» **Work task**
With the pictures excluded, repeat every entry exactly.

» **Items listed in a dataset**
= Beginning of Section =

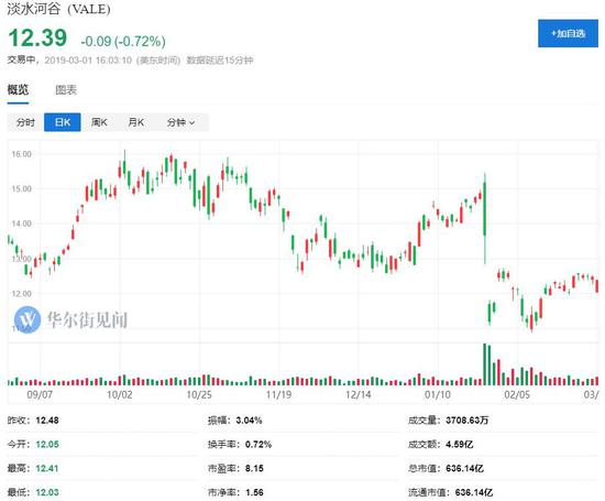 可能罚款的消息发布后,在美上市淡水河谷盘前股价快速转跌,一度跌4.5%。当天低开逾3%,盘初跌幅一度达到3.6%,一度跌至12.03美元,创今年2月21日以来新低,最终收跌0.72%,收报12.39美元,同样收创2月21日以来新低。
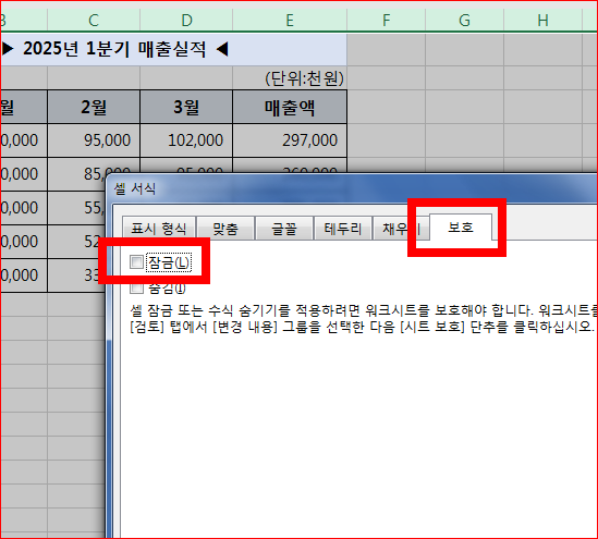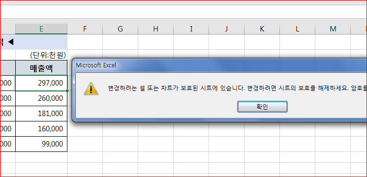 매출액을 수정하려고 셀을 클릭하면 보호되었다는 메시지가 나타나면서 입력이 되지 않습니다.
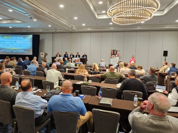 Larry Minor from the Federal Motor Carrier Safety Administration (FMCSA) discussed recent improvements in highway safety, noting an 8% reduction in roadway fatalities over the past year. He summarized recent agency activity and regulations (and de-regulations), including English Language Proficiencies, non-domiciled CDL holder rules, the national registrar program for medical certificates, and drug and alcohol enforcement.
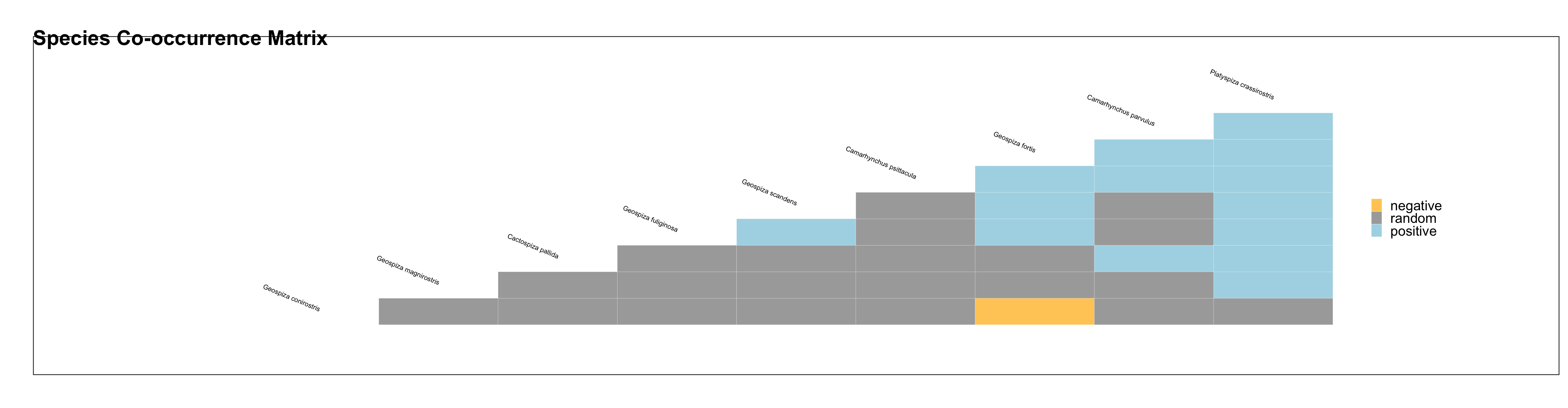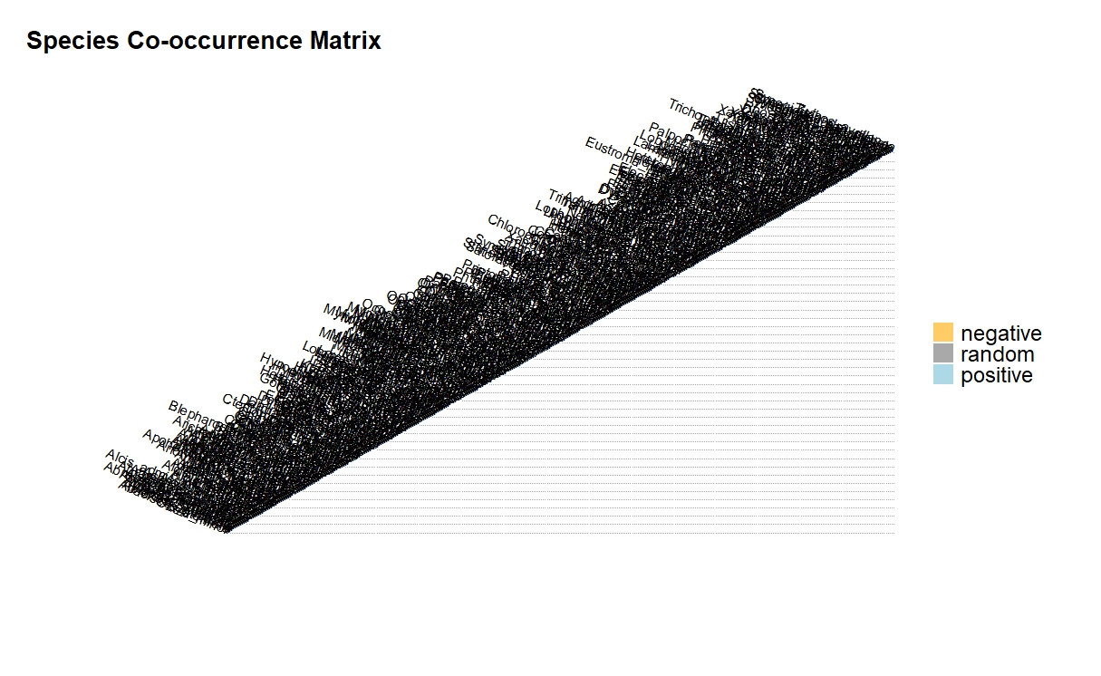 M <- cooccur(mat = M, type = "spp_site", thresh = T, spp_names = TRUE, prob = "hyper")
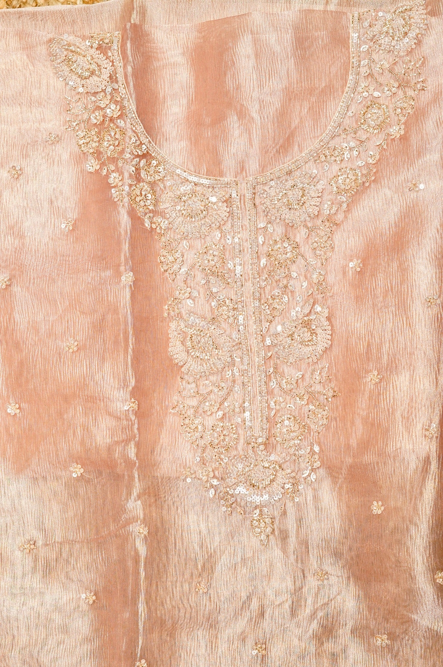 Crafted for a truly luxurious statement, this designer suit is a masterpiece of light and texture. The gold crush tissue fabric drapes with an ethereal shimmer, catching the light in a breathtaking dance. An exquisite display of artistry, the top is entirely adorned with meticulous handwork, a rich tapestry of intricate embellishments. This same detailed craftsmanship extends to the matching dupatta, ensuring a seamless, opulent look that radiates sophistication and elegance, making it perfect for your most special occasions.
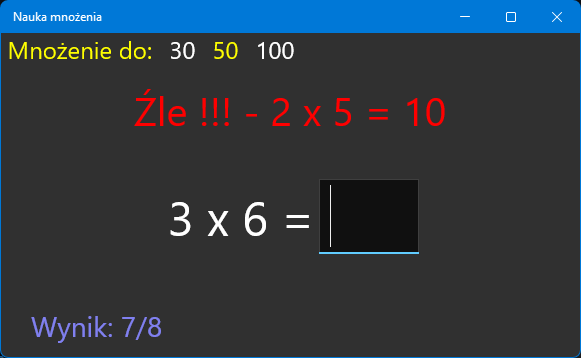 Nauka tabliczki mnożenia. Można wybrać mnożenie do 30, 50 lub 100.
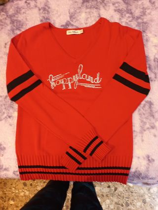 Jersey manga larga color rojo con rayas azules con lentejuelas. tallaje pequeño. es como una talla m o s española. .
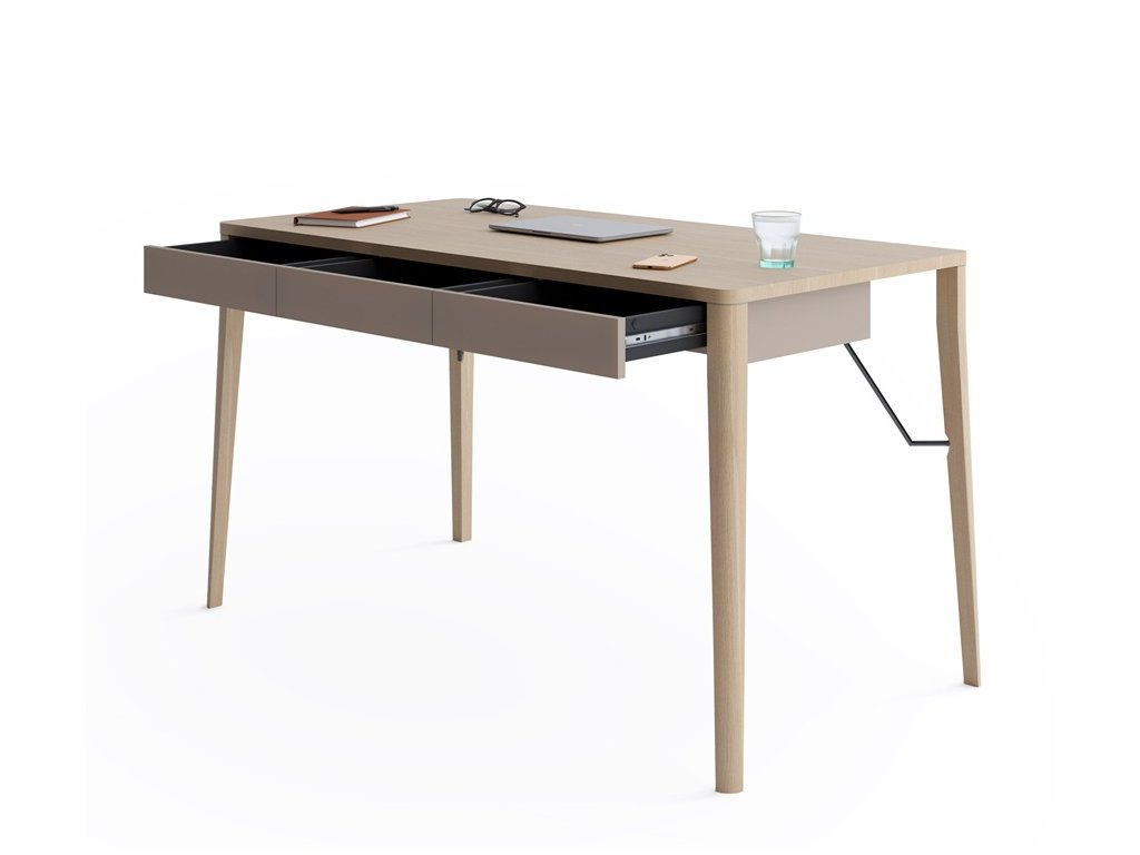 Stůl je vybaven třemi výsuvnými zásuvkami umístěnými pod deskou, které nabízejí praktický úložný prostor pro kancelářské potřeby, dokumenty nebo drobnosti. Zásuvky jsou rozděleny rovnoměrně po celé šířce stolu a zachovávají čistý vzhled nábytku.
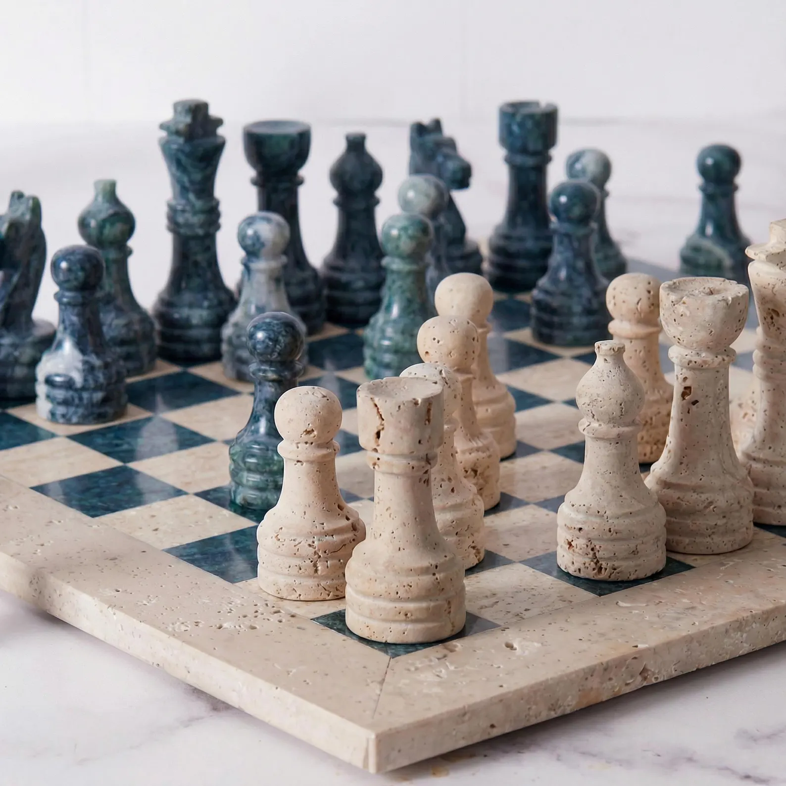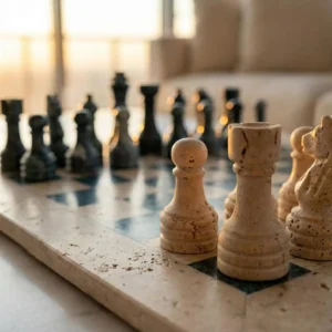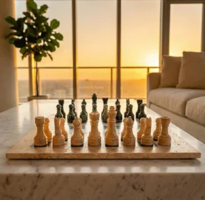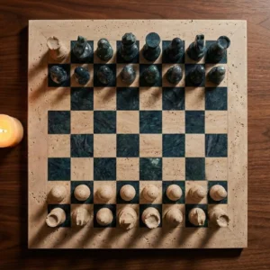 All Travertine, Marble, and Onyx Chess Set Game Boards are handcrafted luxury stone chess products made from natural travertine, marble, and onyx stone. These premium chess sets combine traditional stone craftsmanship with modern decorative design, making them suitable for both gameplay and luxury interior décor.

= End of Section =

» **Answer section**
 可能罚款的消息发布后,在美上市淡水河谷盘前股价快速转跌,一度跌4.5%。当天低开逾3%,盘初跌幅一度达到3.6%,一度跌至12.03美元,创今年2月21日以来新低,最终收跌0.72%,收报12.39美元,同样收创2月21日以来新低。
 매출액을 수정하려고 셀을 클릭하면 보호되었다는 메시지가 나타나면서 입력이 되지 않습니다.
 Larry Minor from the Federal Motor Carrier Safety Administration (FMCSA) discussed recent improvements in highway safety, noting an 8% reduction in roadway fatalities over the past year. He summarized recent agency activity and regulations (and de-regulations), including English Language Proficiencies, non-domiciled CDL holder rules, the national registrar program for medical certificates, and drug and alcohol enforcement.
 M <- cooccur(mat = M, type = "spp_site", thresh = T, spp_names = TRUE, prob = "hyper")
 Crafted for a truly luxurious statement, this designer suit is a masterpiece of light and texture. The gold crush tissue fabric drapes with an ethereal shimmer, catching the light in a breathtaking dance. An exquisite display of artistry, the top is entirely adorned with meticulous handwork, a rich tapestry of intricate embellishments. This same detailed craftsmanship extends to the matching dupatta, ensuring a seamless, opulent look that radiates sophistication and elegance, making it perfect for your most special occasions.
 Nauka tabliczki mnożenia. Można wybrać mnożenie do 30, 50 lub 100.
 Jersey manga larga color rojo con rayas azules con lentejuelas. tallaje pequeño. es como una talla m o s española. .
 Stůl je vybaven třemi výsuvnými zásuvkami umístěnými pod deskou, které nabízejí praktický úložný prostor pro kancelářské potřeby, dokumenty nebo drobnosti. Zásuvky jsou rozděleny rovnoměrně po celé šířce stolu a zachovávají čistý vzhled nábytku.
 All Travertine, Marble, and Onyx Chess Set Game Boards are handcrafted luxury stone chess products made from natural travertine, marble, and onyx stone. These premium chess sets combine traditional stone craftsmanship with modern decorative design, making them suitable for both gameplay and luxury interior décor.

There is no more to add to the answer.